This blog post is the first one in a series of posts, in which I will take a radical information processing perspective on the process of knitting. As it happens this post is also a Cybercraftivist Manifesto for open craft formats.
This series is aimed both at computer-scientists who want to get a deeper understanding of the knitting process and at avid knitters, that would like to learn more about the kind of computation they are performing while they pursue their favorite pass-time. It is based on a computational model of hand-knitting that I developed for my diploma thesis in 2005.
Recently several people have emphatically 1) and critically 2) discussed the idea of “Knitting as Programming”. In her excellent article Alex Bayley argued that it would be far more accurate to speak of “Knitting as Computation” but It seems like I am the only one who went as far as to identify the atomic actions of hand-knitting, pointing out the intimate relations between knitting and computation.
In the workshop announcement he promised to “explore the historical and metaphorical connections between knitting and computation, and between code and pattern”.
If this is music to your ears, check out Yaxu's Article on “The Textural X” 4) where he discusses the relations between knitting and livecoding featuring Tidal a Haskell-based programming language, where “Live coding music is very much like knitting with time”.
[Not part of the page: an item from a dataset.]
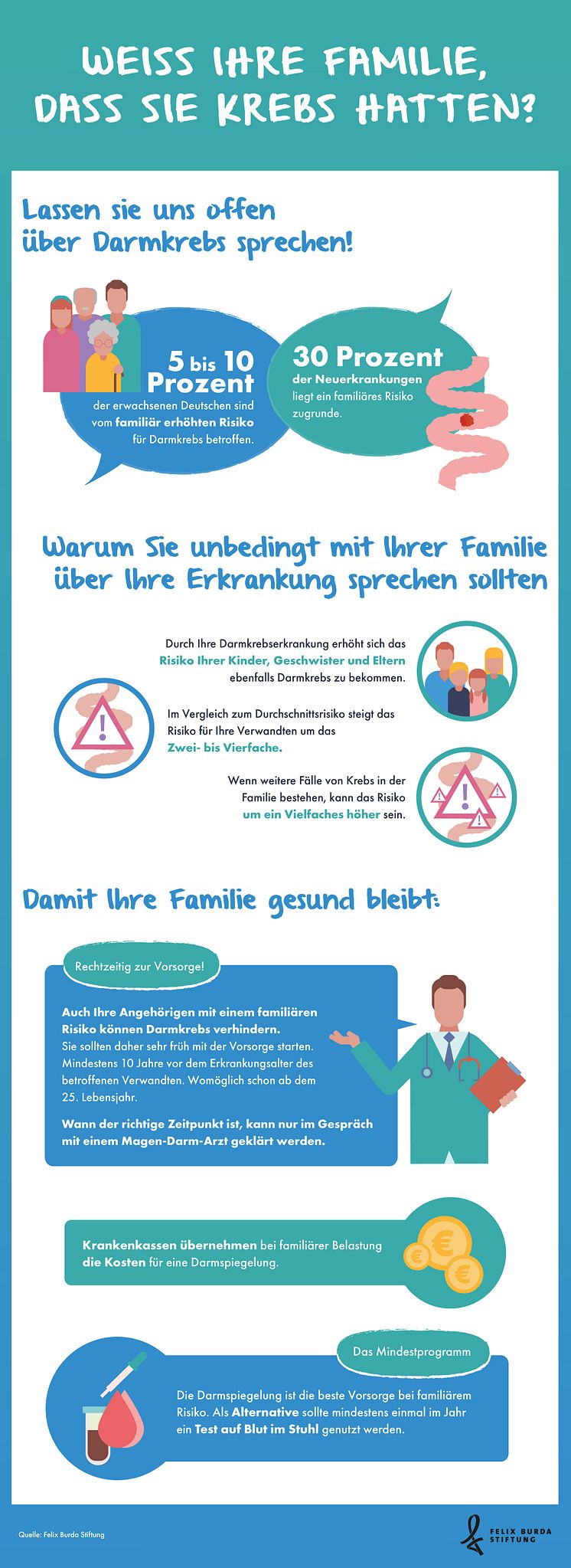 Diese Grafik zeigt, warum Krebspatienten ihre Verwandtschaft informieren sollten und was Angehörige gegen eine Darmkrebserkrankung tun können.

Yaxu considers the process of knitting from a functional programming perspective and the resemblance of knitting instructions and Tidal code is actually very striking.
In my computational model of knitting I took a more structural point of view. The idea is to identify the atomic units of knit-work as well as the operations used to manipulate them.
I believe that a big hurdle in trying to formalize knitting patterns, as in the case of KnitML was the pursuit to provide an XML format for instructions, rather than structures.
As every knitter knows, instructions differ radically between German knitting, English knitting, and even more for various types of knitting machines. Knitting instructions will always be inextricably linked to a specific knitting technique.
This inevitably results in a Tower-of-Babel-situation for knitting instructions.
Not only are there different knitting techniques but as a matter of fact individual hand-knitters might prefer different styles of knitting, just as there are left-and right handed people in the world. The book Knitting for Anarchists by Anna Zilboorg 5) is about the struggles of getting away from a one-size-fits-all knitting technique, to alternative ways of producing the exact same structural knit-work. The main issue with Zilboorg's technique is the cognitive overhead for transcribing knitting instructions inside your head.
In the future there may be knitting machines we can't yet imagine. And there is huge potential for collaborative human knitting or crowd crafting. Shane Walter has explored massively parallel human knitting techniques in his Knitting Pieces. Each and every one of those alternative knitting techniques would require rewriting traditional knitting instructions from scratch.
Traditionally cooking receipes have been used as prime examples for sequential algorithms. But the sequential nature of receipes is an artifact of our linear writing system. No professional cook ever cooks sequentially. Cooks always have several pans on the stove.
In fact cookbooks might actually profit a lot if we represented recipes as structural diagrams that show how the meal is composed from individual ingredients and basic cooking operations, leaving the scheduling task to the cook.
Katie Shelly is working on a beautiful diagrammatic cooking book called Picture Cook 6) which will be available in October 2013.
You can look at some of her cooking diagrams on her website.
What is true for for the craft of cooking is even more true for other crafts. Let's take a look at crochet patterns in Japanese craft culture:
Amigurumi patterns are traditionally conveyed as structure, rather than instructions. As a result the pattern is not restricted to any specific kind of crochet technique. It's the task of the human (or a little helpful program like Knitty) to turn structure into instructions.
The fact that patterns from Amigurumi or lace techniques such as tatting are represented in diagrammatic form might be the result of their inherent complexity, which may best be conveyed visually.
But as a side-effect those patterns can be processed in any order the craftswoman wants to. They can be worked inside-out, bottom-up, in groups and circles, using tools and machines that the creator of the pattern would not even imagine in her wildest dreams.
If we want freely exchangeable craft patterns, that defy the Tower-of-Babel effect, if we want to create a playing ground for the future of computational craft, we first and foremost need to specify structural craft-exchange-formats.
By analyzing the details of individual craft techniques, tools and machines, we can then specify how to turn generic structural representations of fabric into instructions for every single technique.
And this is exactly what I aimed at when I developed a computational model of hand-knitting, the model which we will dive right into, in the second part of this series.